We seem to have this idea that others have control over our emotions and that others can make us feel in certain ways. Actually, we have absolute control over our emotions and we can choose whether we allow others to make us feel a certain way or not. You can either choose to allow other people’s behaviour to affect you or choose to let it go.
Letting it go comes with the idea that we are then condoning the other person’s behaviour. This is not true and serves to keep us in the emotional trap. We are letting go for ourselves and not the other person. We are choosing to not allow the other person’s behaviour to affect our emotions. This shifts the power back to us.
The realisation of us being in control of our emotions tends to be very useful in us being calmer and not letting our emotions spill over. When we recognise that we have the power we are then able to choose what we allow to affect us and what we don’t.

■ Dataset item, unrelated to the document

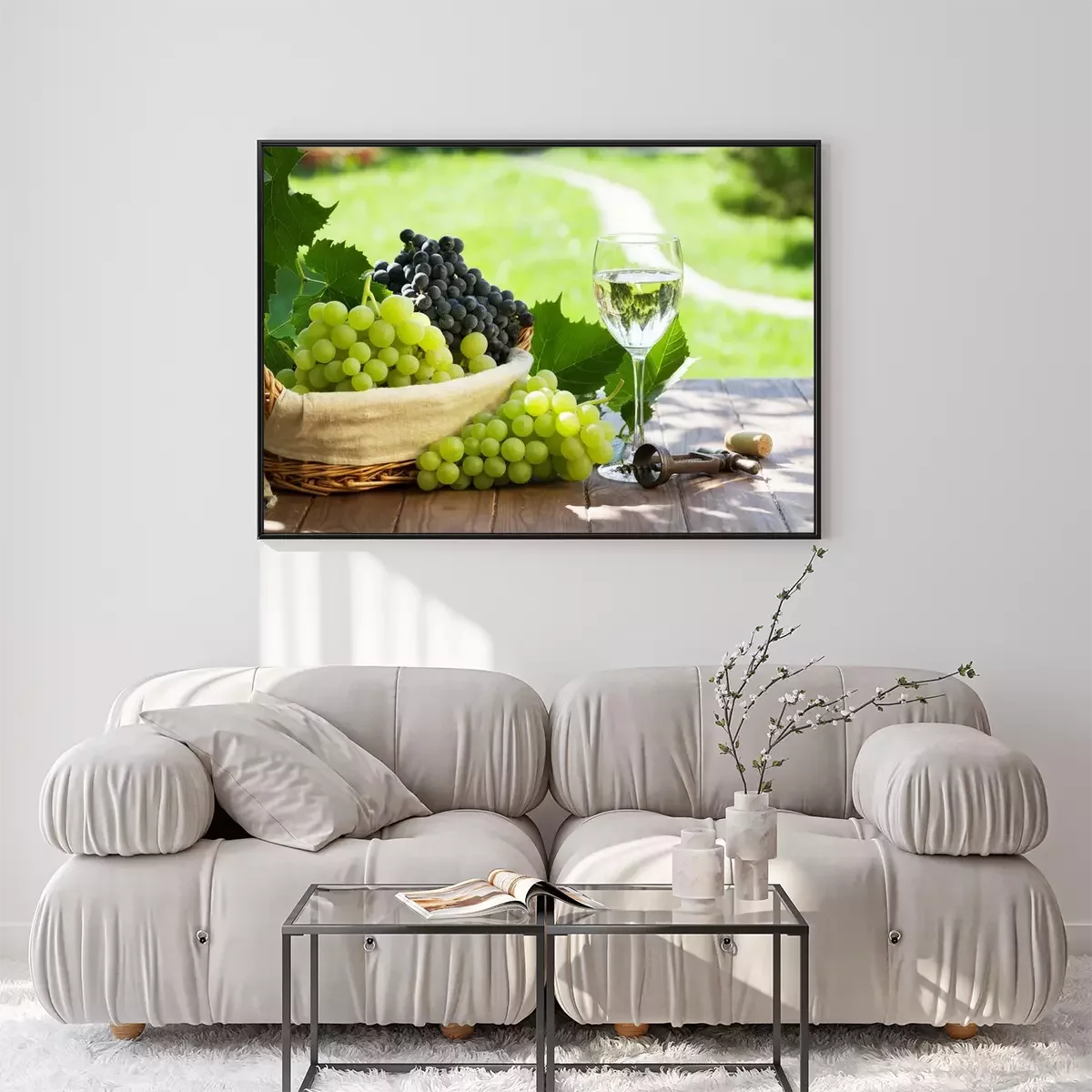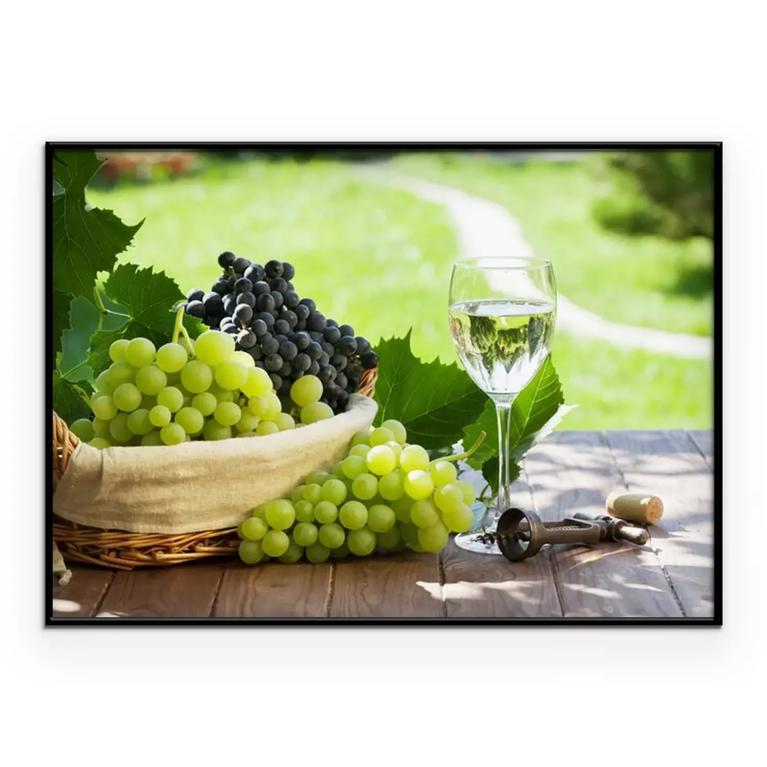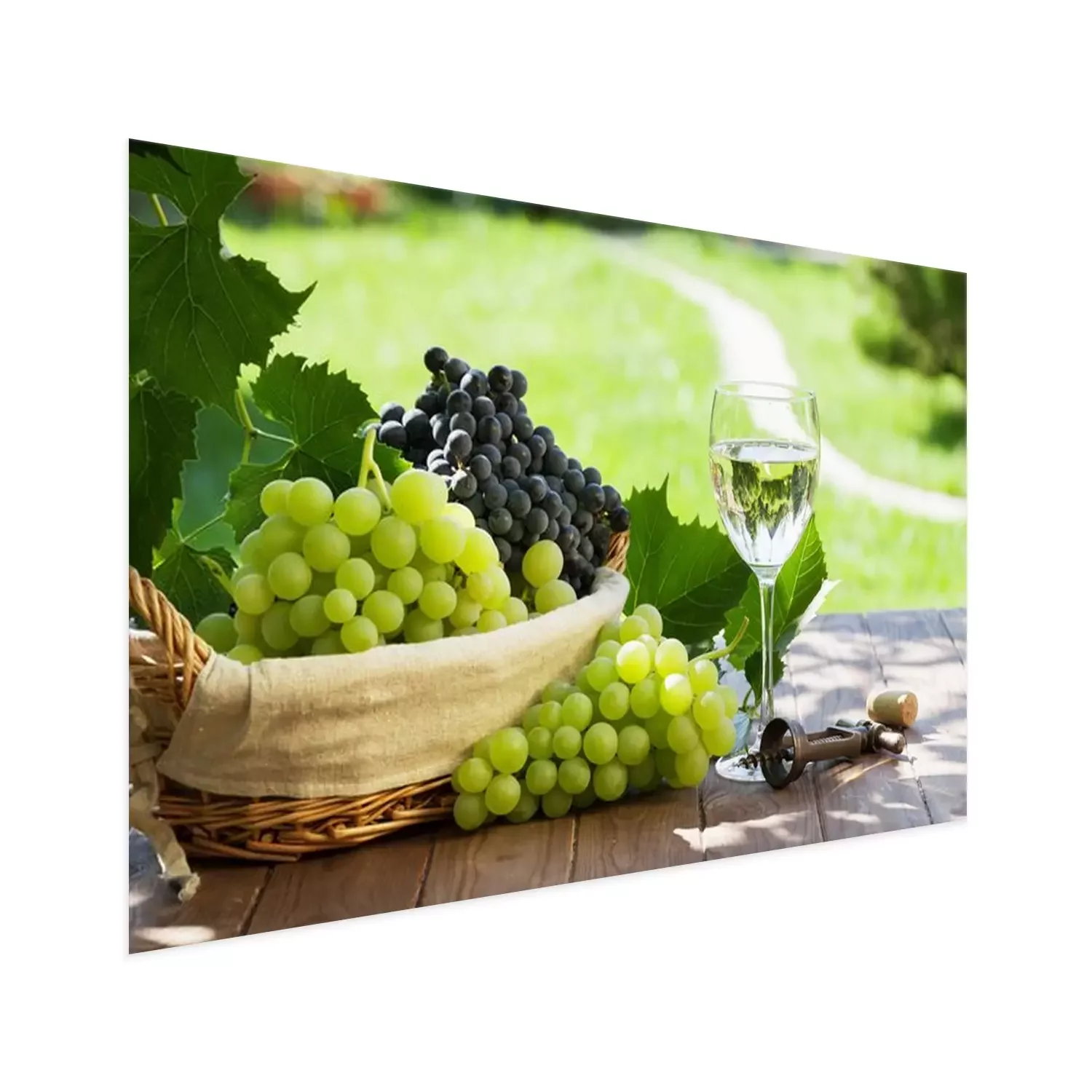 Poster Witte wijn glas, rode en witte druiven

Some tools to manage your emotions better:
- Change comes with awareness. Become aware of your bodily sensations which give us clues to how we are feeling. Help yourself through this. Breathe deeply if that helps or walk away. Slowly count to 10 and then establish if you are feeling the same, with the same amount of intensity.
- Practice, practice, practice. You are not meant to get it right all of the time. Being in control of your emotions means that you choose when you want to react and how, so that you are content that you managed the situation well.
- Become aware of the ‘trigger people’ in your life. Some people will affect our emotions much more than others. Become aware of who these people are for you. When you are in contact with these people be very aware of your emotions.
- Remember you are allowed to have a host of emotions and they are all important and needed. Allow yourself time and space to deal with each emotion you may experience.
- Finally, self-care will always steer you in the right direction. Practice self-care regularly.